To consider and, if thought fit, to pass, with or without amendment, the following resolution as a nonbinding resolution:
"That, for the purposes of section 250R(2) of the Corporations Act and for all other purposes, approval is given for the adoption of the Remuneration Report as contained in the Company's Annual Financial Report for the financial year ended 30 June 2021."
Note: the vote on this Resolution is advisory only and does not bind the Directors or the Company.
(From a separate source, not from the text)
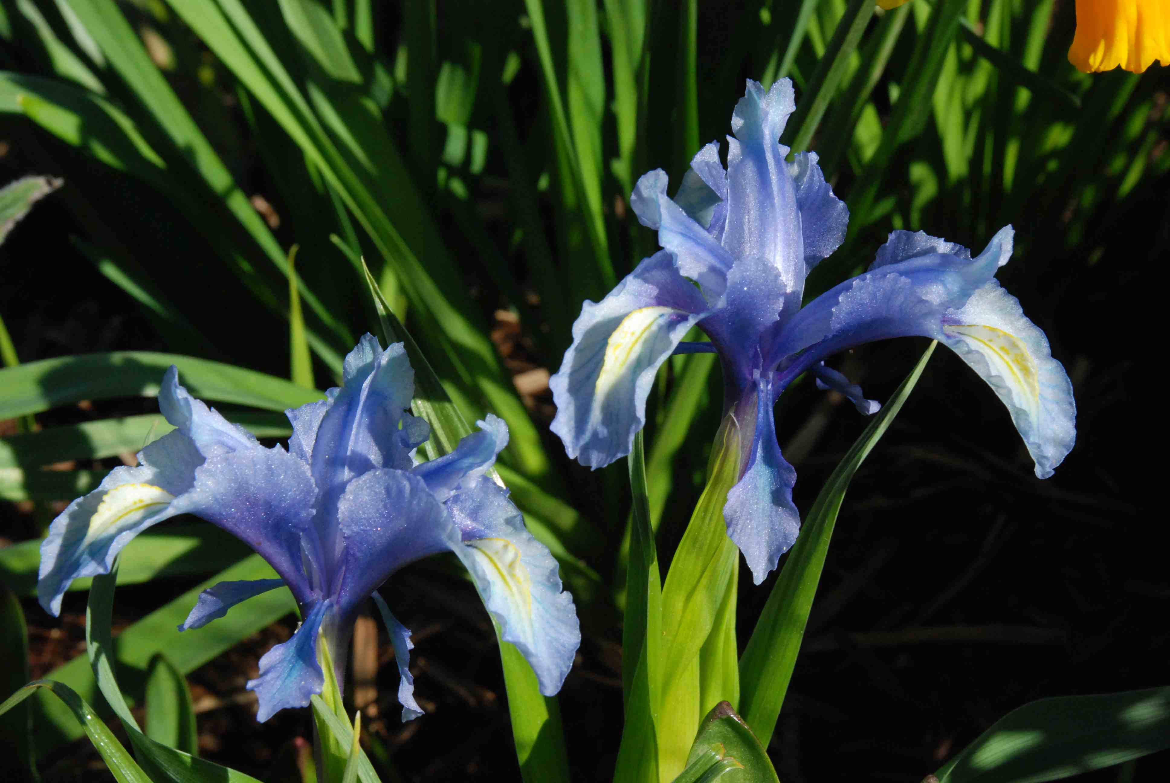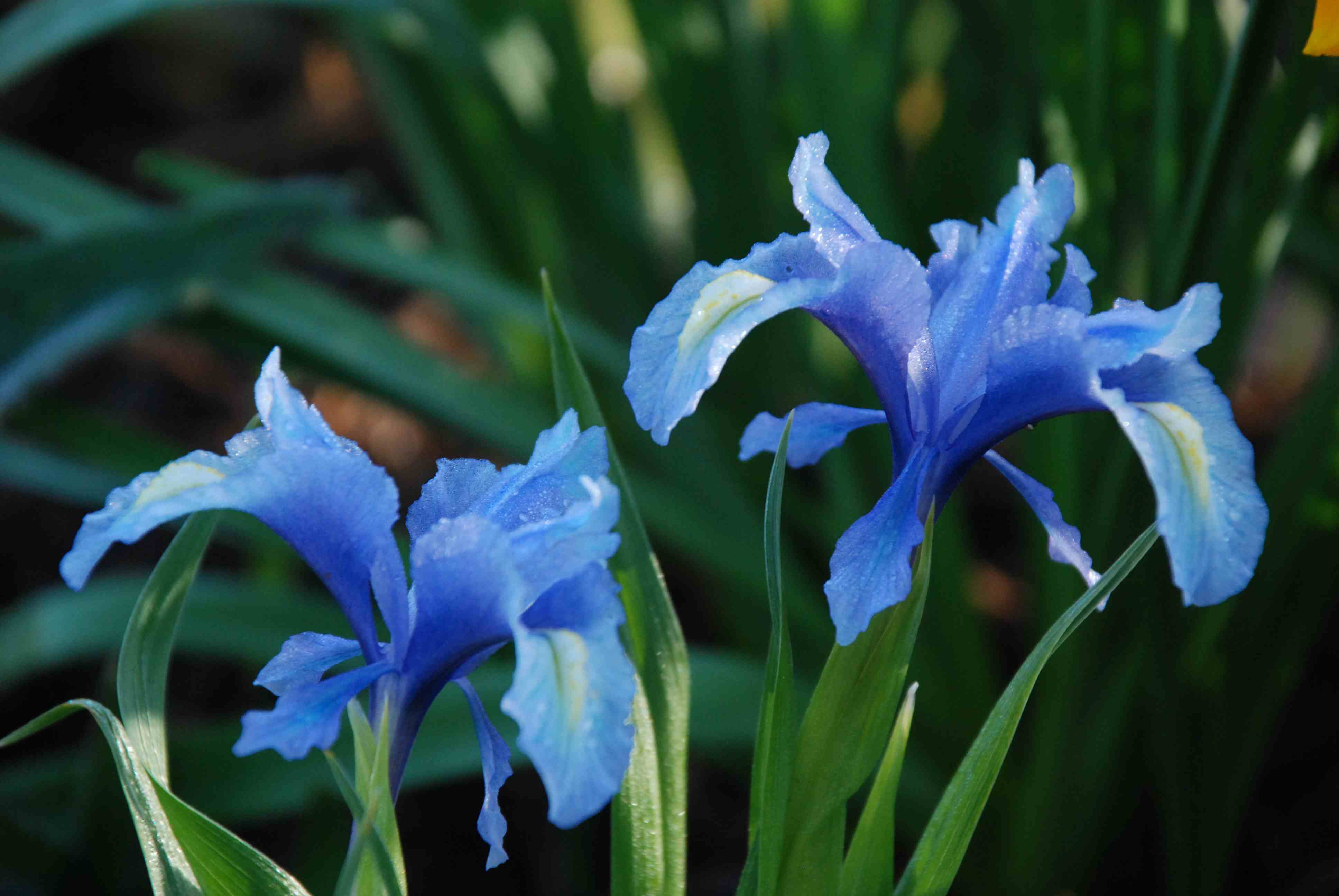 The Juno iris are very special and do not have normal bulbs and have thick, fleshy roots that should be healthy when you plant them. The plants look a bit like leeks and flowering -size bulbs produce a central stem with one or more flowers that open from the top down. Juno iris have standards that are small and hang down or horizontally and have a crest on the falls where the beard would be on a bearded iris.

Voting Prohibition Statement: In accordance with section 250BD of the Corporations Act, a person appointed as a proxy must not vote, on the basis of that appointment, on this Resolution if: the proxy is either a member of the Key Management Personnel or a Closely Related Party of such a member; and the appointment does not specify the way the proxy is to vote on this Resolution.
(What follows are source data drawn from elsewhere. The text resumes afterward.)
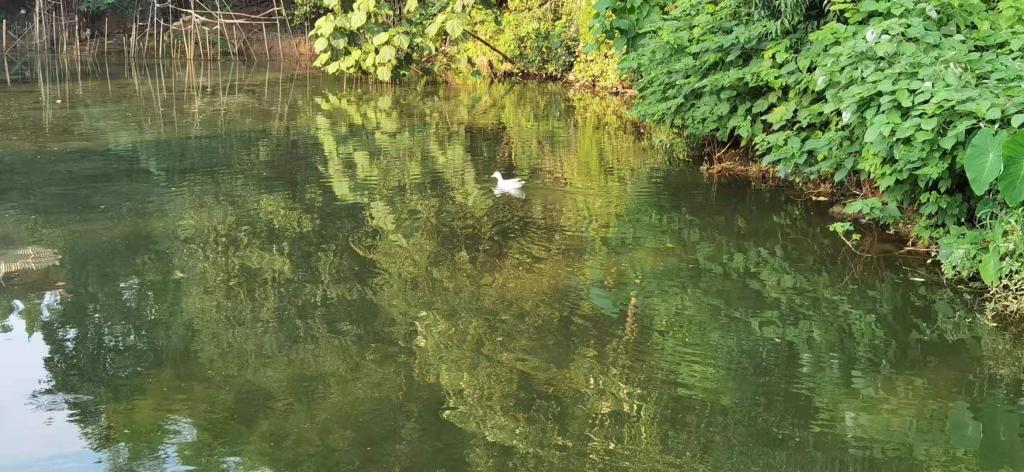 一路池塘交错,绿油油的水稻布满田间,微风轻拂过竹林,发出沙沙的响声。孩子们走的很轻快,但由于羞涩而不愿与我多讲话。于是我主动与他们交流,渐渐地打开了心扉,与我分享了很多上学的趣事。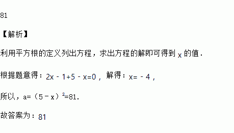 一个正数a的平方根是2x﹣1和5﹣x,则a=_____.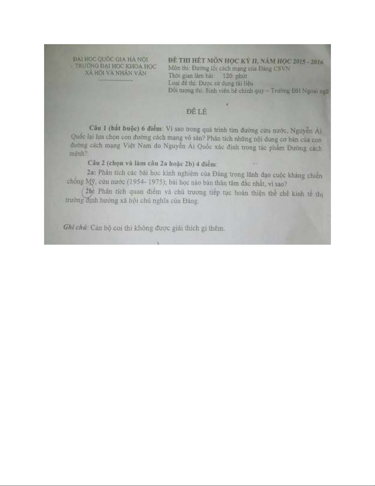 Đề thi hết môn học kỳ II năm học 2015-2016 môn Đường lối cách mạng của Đảng CSVN - ĐH Khoa học Xã hội và Nhân văn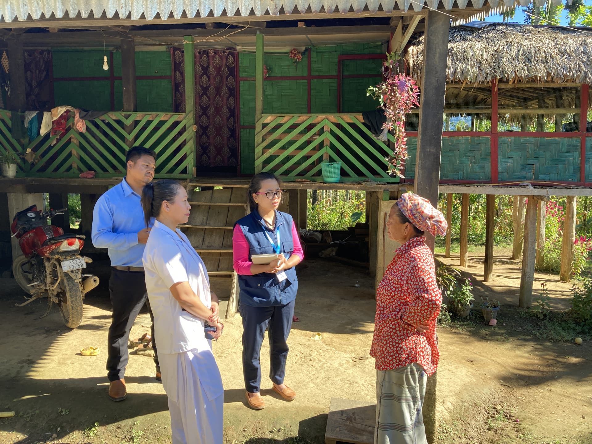 Khimthoi’s immunization card is among many reviewed by the health team across three villages in one day. It shows he was born on 24 April 2021 with a healthy birthweight of 3.1 kg. His routine vaccinations are up to date, despite the closest health sub-centre in Rima Putok being 10 km away. “We get him immunized at outreach clinics organized by the district medical team. Now that he is older, his father takes him to the sub-centre on his motorbike, when needed,” said Ms Mossang.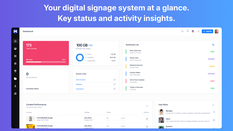 • Launch and update content instantly.: Users can publish changes in seconds and ensure all connected screens stay up to date without manual intervention.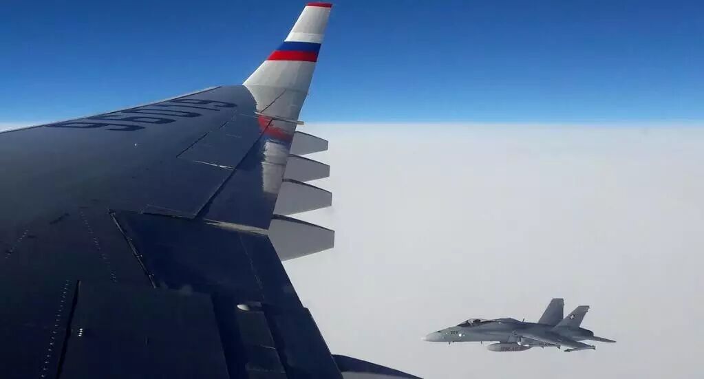 报道称,其中一架战斗机距离俄罗斯飞机非常近,不仅可以看到机尾上的瑞士国旗、飞机编号J-5024,甚至可以看到飞行员的容貌,它从左侧靠近俄罗斯飞机的机翼作出动作,然后又从右侧靠近。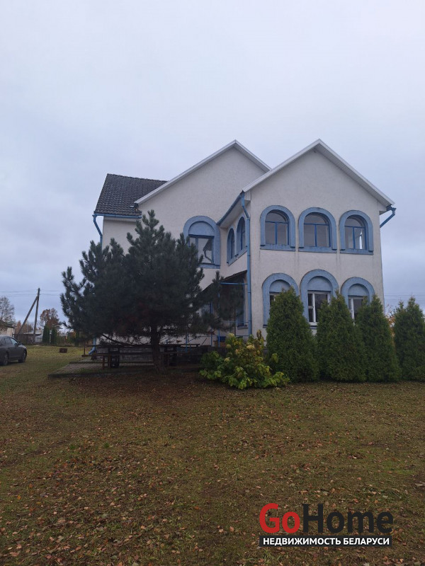 Дом 2х этажный с мансардой 240кв/м и подвал 100кв/м. Дом утеплен. Отопление и горячая вода – природный газ. Канализация автономная. Электроэнергия. 1 этаж: холл с камином, кухня, ванная, кабинет. 2 этаж: 4 жилые комнаты, туалет, гардеробная. Кровля – черепица песчано-цементная. Сад, ягоды, теплица. Рядом озеро Велье, озеро чистое, водятся окунь и щука. Торг.

However, the above prohibition does not apply if: the proxy is the Chair; and the appointment expressly authorises the Chair to exercise the proxy even though this Resolution is connected directly or indirectly with remuneration of a member of the Key Management Personnel.
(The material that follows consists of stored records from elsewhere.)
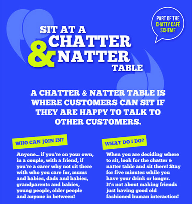 The Chatty Café Scheme encourages cafes to have a 'Chatter & Natter' table which is where customers can sit if they are happy to talk to other customers. A Chatter & Natter table is for anyone... if a person is on their own, in a couple, with friends, if someone is a carer they could sit there with who they care for, people with babies, professionals, young people, older people and anyone in between!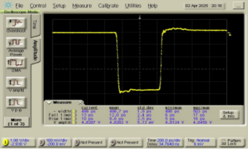 500ps脉宽 @时钟频率. 100kHz,输出电平 4.6Vpp |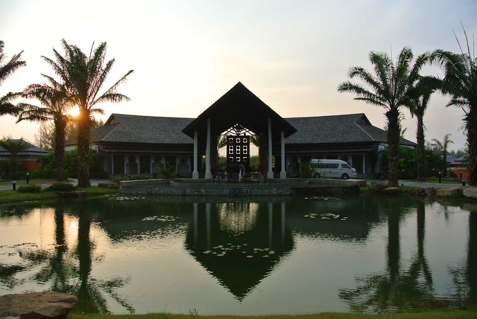 Sonnenuntergang am Hoteleingang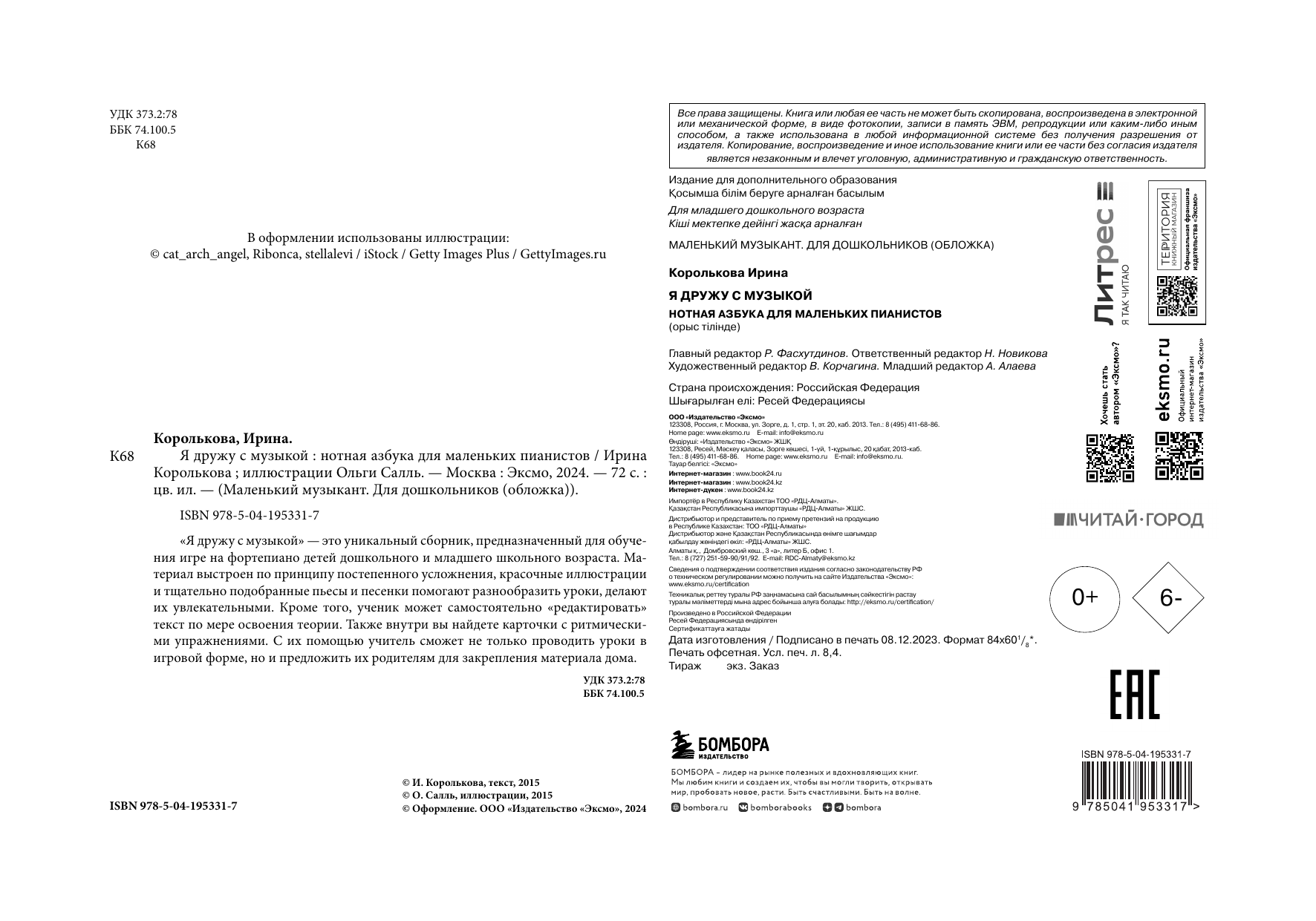 Сервис сравнения цен СкидкаГИД предлагает сравнить цены на товар «Книга: Я дружу с музыкой. Нотная азбука для маленьких пианистов (книга с карточками) (новое оформление) (Королькова Ирина Станиславовна); ООО "Издательство "Эксмо", 2024»

3. RESOLUTION 2 – ELECTION OF DIRECTOR – MR ROBERT HERSOV
To consider and, if thought fit, to pass, with or without amendment, the following resolution as an ordinary resolution:
"That, for the purpose of clause 14.4 of the Constitution and for all other purposes, Mr Robert Hersov, who retires and being eligible, offers himself for election as a Director."
4. RESOLUTION 3 – RE-ELECTION OF DIRECTOR – MR BERT MONDELLO
To consider and, if thought fit, to pass, with or without amendment, the following resolution as an ordinary resolution:
"That, for the purpose of clause 14.4 of the Constitution and for all other purposes, Mr Bert Mondello, who retires and being eligible, offers himself for election as a Director."
5. RESOLUTION 4 – RE-ELECTION OF DIRECTOR – MR PHILIP RE
To consider and, if thought fit, to pass, with or without amendment, the following resolution as an ordinary resolution:
"That, for the purpose of clause 14.4 of the Constitution and for all other purposes, Mr Philip Re, who retires and being eligible, offers himself for election as a Director."
6. RESOLUTION 5 – APPROVAL OF 7.1A MANDATE
To consider and, if thought fit, to pass the following resolution as a special resolution:
"That, for the purposes of Listing Rule 7.1A and for all other purposes, approval is given for the Company to up to that number of Equity Securities equal to 10% of the issued capital of the Company at the time of issue, calculated in accordance with the formula prescribed in Listing Rule 7.1A.2 and otherwise on the terms and conditions set out in the Explanatory Statement."
7. RESOLUTION 6 – GRANT OF SHARES TO MR FIRDHOSE COOVADIA
To consider and, if thought fit, to pass, with or without amendment, the following resolution as an ordinary resolution:
"That, for the purposes of section 195(4) and section 208 of the Corporations Act and Listing Rule 10.11, and for all other purposes, approval is given for the Company to grant 3,000,000 Shares to Mr Firdhose Coovadia (and/or his nominees), on the terms and conditions set out in the Explanatory Statement."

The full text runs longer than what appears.